Task details:
Reproduce, unchanged, the lines between the one holding "Roulé de Volaille" and the last line of the records, including both ends, but no pictures.

___ Dataset records

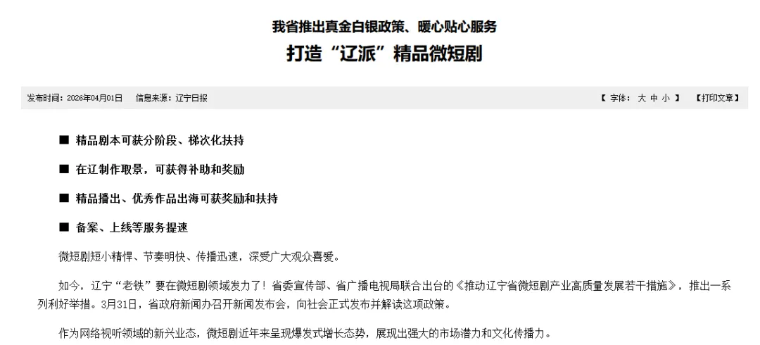 辽宁:3月31日发布20条扶持措施,4月1日实施。在辽拍摄短剧享20%配套费用补助,播映收益超200万作品享20%投资额补助;AI研发投入按20%补助,普通备案5个工作日反馈,政策可叠加申领,短剧人才纳入“兴辽英才计划”。
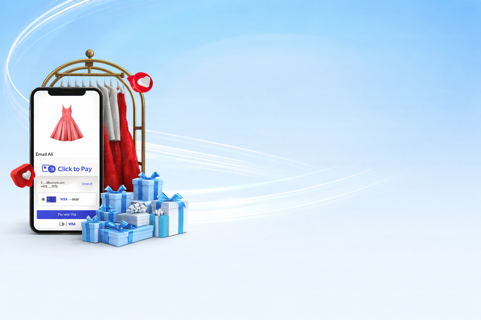 تسوّق عبر الإنترنت بكل ثقة، واختر ما تريد من المنتجات لدى التجار المشاركين بمجرد ظهور رمز Click to Pay لإتمام الدفع بسرعة وسهولة
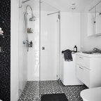 Inspiration for a contemporary multicolored floor freestanding bathtub remodel in Los Angeles — Houzz
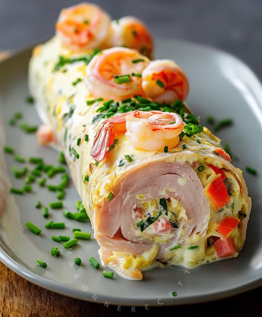 Roulé de Volaille aux Crevettes et Légumes Croquants
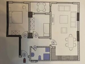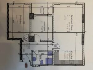Qendrim ditor+Kuzhinë+terasë, 2 dhoma gjumi, 1 Banjo, koridor.
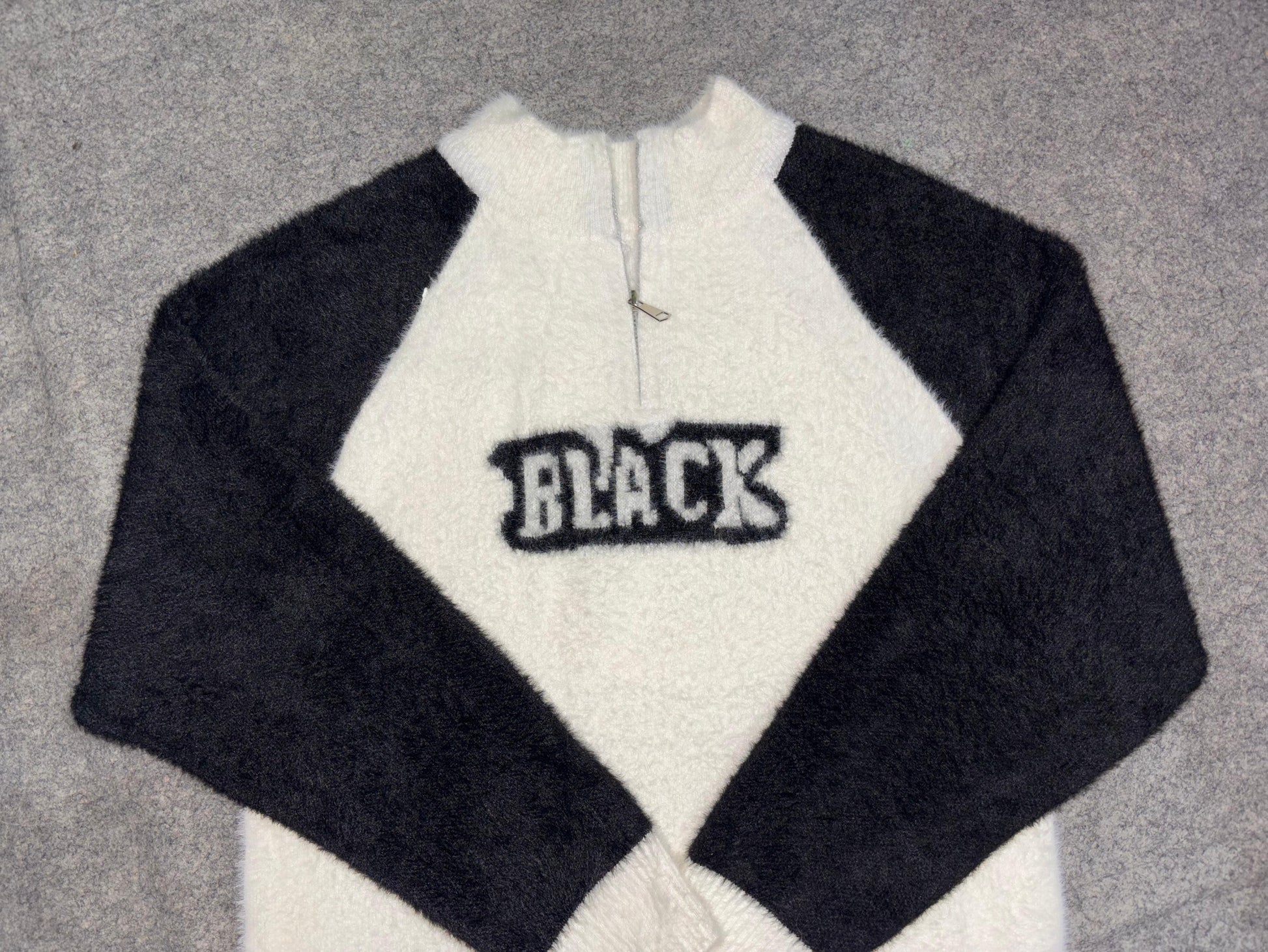 Crafted from ultra-soft sherpa fleece, it delivers unmatched warmth and comfort while staying breathable. The color-blocked black and off-white panels give it a strong visual edge, while the textured “BLACK” applique graphic adds a retro statement vibe.

______

Output for this exercise:
 Roulé de Volaille aux Crevettes et Légumes Croquants
Qendrim ditor+Kuzhinë+terasë, 2 dhoma gjumi, 1 Banjo, koridor.
 Crafted from ultra-soft sherpa fleece, it delivers unmatched warmth and comfort while staying breathable. The color-blocked black and off-white panels give it a strong visual edge, while the textured “BLACK” applique graphic adds a retro statement vibe.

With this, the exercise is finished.